▶ **Exercise**:
Repeat the data as given. Images do not go in the copy.

▶ **Given material**:
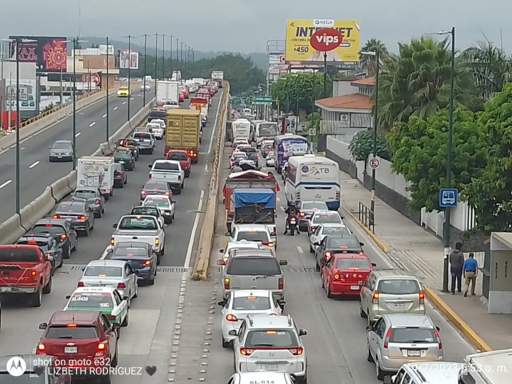 Al lugar del accidente arribaron elementos de tránsito y de seguridad pública para cerrar la vialidad lo que propició una larga fila que llegaba hasta Plaza Cristal.
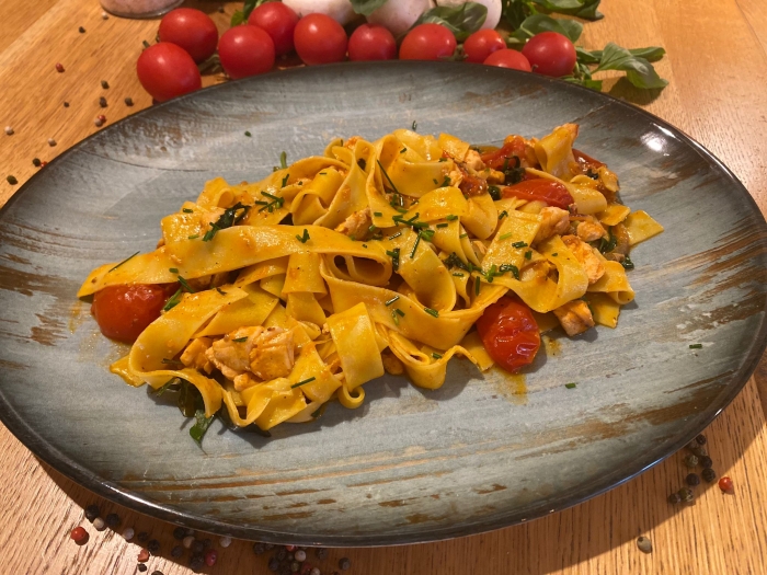 pappardelle, somon file, ceapă roșie, sos de roșii, cremă vegetală pt gătit, roșii cherry, chives, ulei de măsline extra virgin, oregano, sare, piper
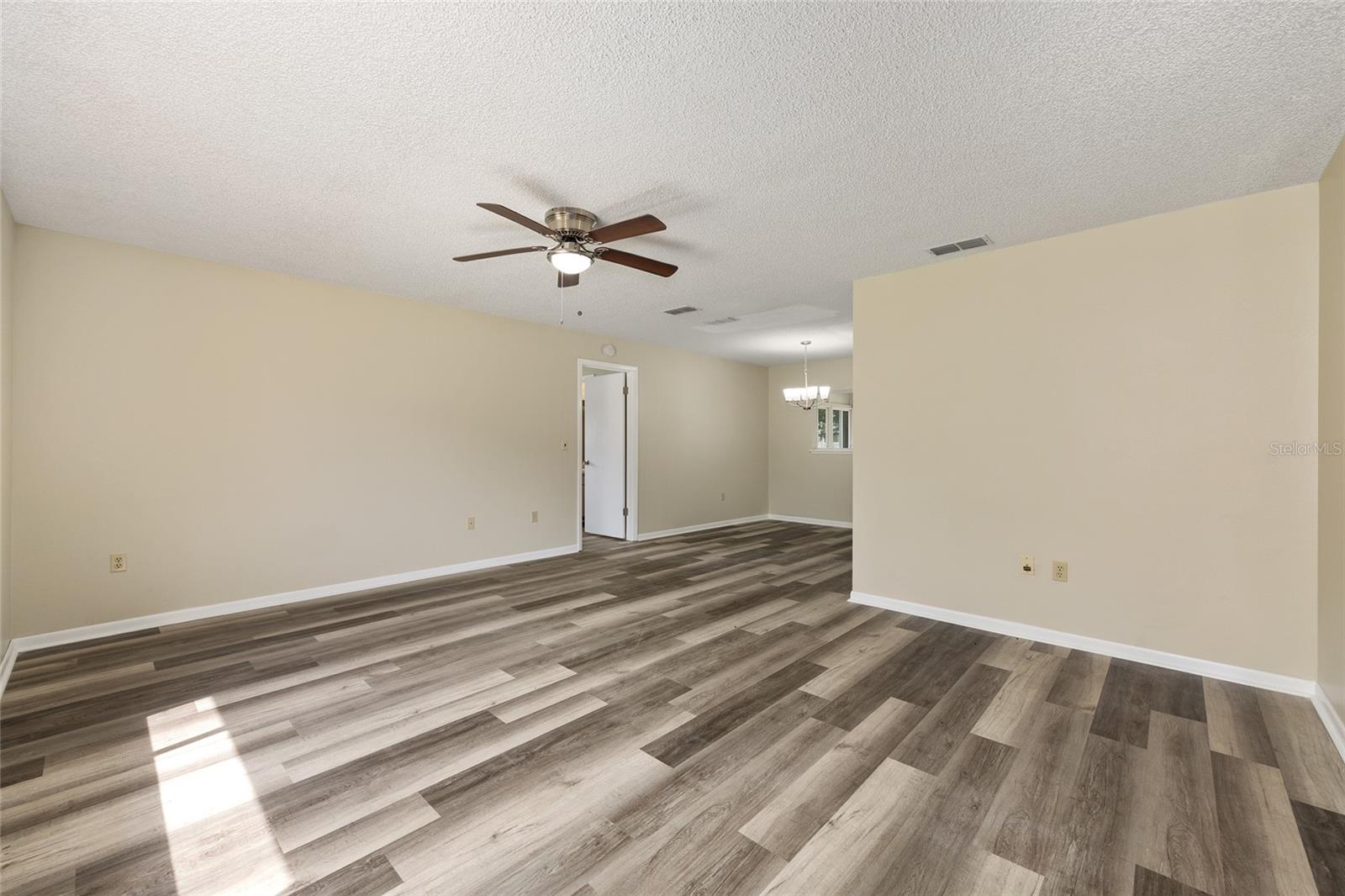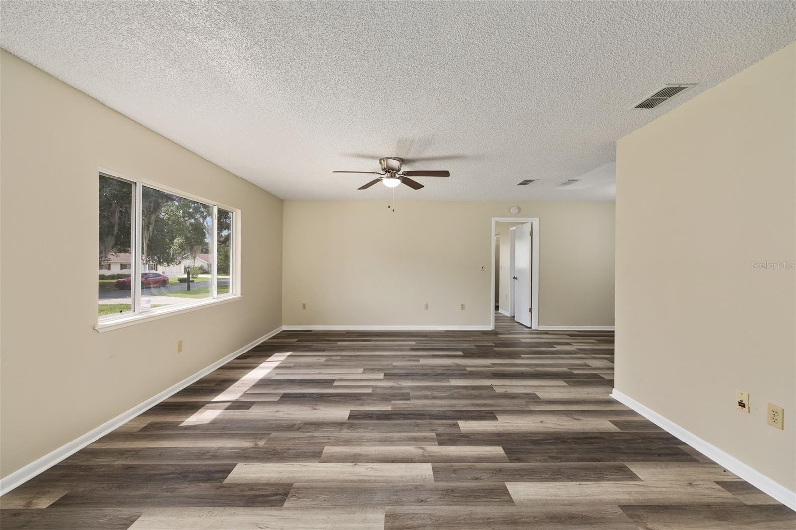 POTENTIAL FOR EQUITY GROWTH! Split floor plan Windmill model home READY FOR YOUR CUSTOMIZATIONS with 3 bedrooms, 2 bathrooms and 2 car garage is located in the desirable 24-hour gated community of Palm Cay. New landscape, new paint and flooring. New roof in 2023. Spacious living areas include dining and living room. The kitchen overlooks the large family room and is the perfect opportunity to add your personal touch and style. Sliding glass doors take you to the enclosed patio and a PRIVATE, SHADY BACKYARD. A storage room with shelves is connected to the home. The home features a separate laundry room with cabinets and lots of windows for natural light. Clubhouse, community pool, fitness center and activities. Located in Southwest Ocala close to shopping, restaurants, the World Equestrian Center and medical and hospital facilities. Golf carts are permitted and RV/boat storage may be available for a monthly fee. Minutes from I-75, one hour from Gainesville, and one and half hours from Orlando.

▶ **Your solution**:
 Al lugar del accidente arribaron elementos de tránsito y de seguridad pública para cerrar la vialidad lo que propició una larga fila que llegaba hasta Plaza Cristal.
 pappardelle, somon file, ceapă roșie, sos de roșii, cremă vegetală pt gătit, roșii cherry, chives, ulei de măsline extra virgin, oregano, sare, piper
 POTENTIAL FOR EQUITY GROWTH! Split floor plan Windmill model home READY FOR YOUR CUSTOMIZATIONS with 3 bedrooms, 2 bathrooms and 2 car garage is located in the desirable 24-hour gated community of Palm Cay. New landscape, new paint and flooring. New roof in 2023. Spacious living areas include dining and living room. The kitchen overlooks the large family room and is the perfect opportunity to add your personal touch and style. Sliding glass doors take you to the enclosed patio and a PRIVATE, SHADY BACKYARD. A storage room with shelves is connected to the home. The home features a separate laundry room with cabinets and lots of windows for natural light. Clubhouse, community pool, fitness center and activities. Located in Southwest Ocala close to shopping, restaurants, the World Equestrian Center and medical and hospital facilities. Golf carts are permitted and RV/boat storage may be available for a monthly fee. Minutes from I-75, one hour from Gainesville, and one and half hours from Orlando.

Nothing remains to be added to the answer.